Gambar 4.4. 16 Hasil Konfigurasi Client


E. HASIL YANG DIPEROLEH

Adapun hasil dan pembahasan dalam melakukan konfigurasi radio adalah pengecekan kekuatan sinyal radio. Jika sinyalnya lemah maka harus dilakukan pointing sampai sinyalnya dirasa sudah bagus. Untuk frekuensi sinyal yang baik adalah mulai dari -75 dBm ke bawah atau lebih mudahnya dengan melihat indikator warna sinyal pada halaman konfigurasi. Warna merah menunjukkan kualitas sinyal jelek, warna kuning dan hijau  menandakan kualitas sinyal sedang, dan biru berarti kualitas sinyal sangat baik.

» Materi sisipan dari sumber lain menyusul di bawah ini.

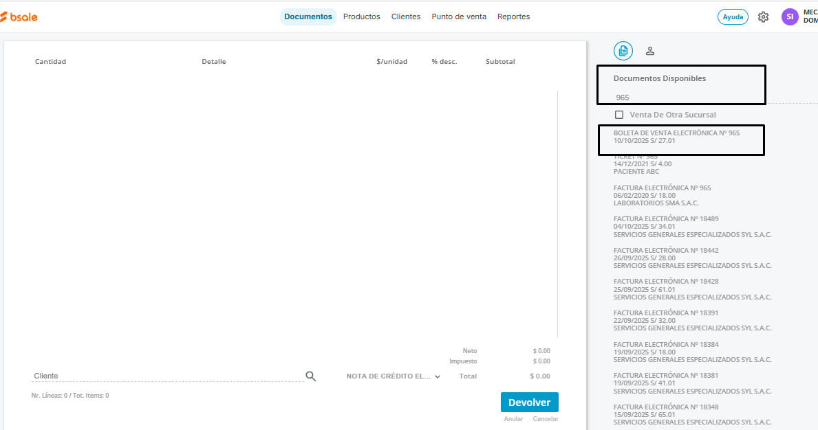 En el buscador debes Ingresar el número de la factura o documento que quieres corregir. Seleccionas el documento de la lista de la izquierda y presionas devolver.

Indikasi kerusakan pada jaringan point to point dapat diuraikan sebagai berikut:
1. Sinyal koneksi antara station dan access point lemah.
2. Koneksi wireless sering putus nyambung.
3. Akses internet terasa lemot.

Keuntungan menggunakan jaringan wireless diantaranya sebagai berikut :
1. Lebih efesien dan fleksibel.
2. Mobilitas dan produktivitas tinggi.
3. Maintenance yang mudah.
4. Kemudahan dan kecepatan instalasi.

Namun selain memiliki kelebihan, tentunya penggunaan wireless juga memiliki kelemahan, diantaranya adalah:
1. Biaya Instalasi tinggi.
2. Delay yang besar.
3. Biaya peralatan yang tinggi.

KESIMPULAN

Radio Link Point to Point adalah salah satu komputer/perangkat yang disambungkan ke satu perangkat/komputer saja menggunakan perangkat wireless.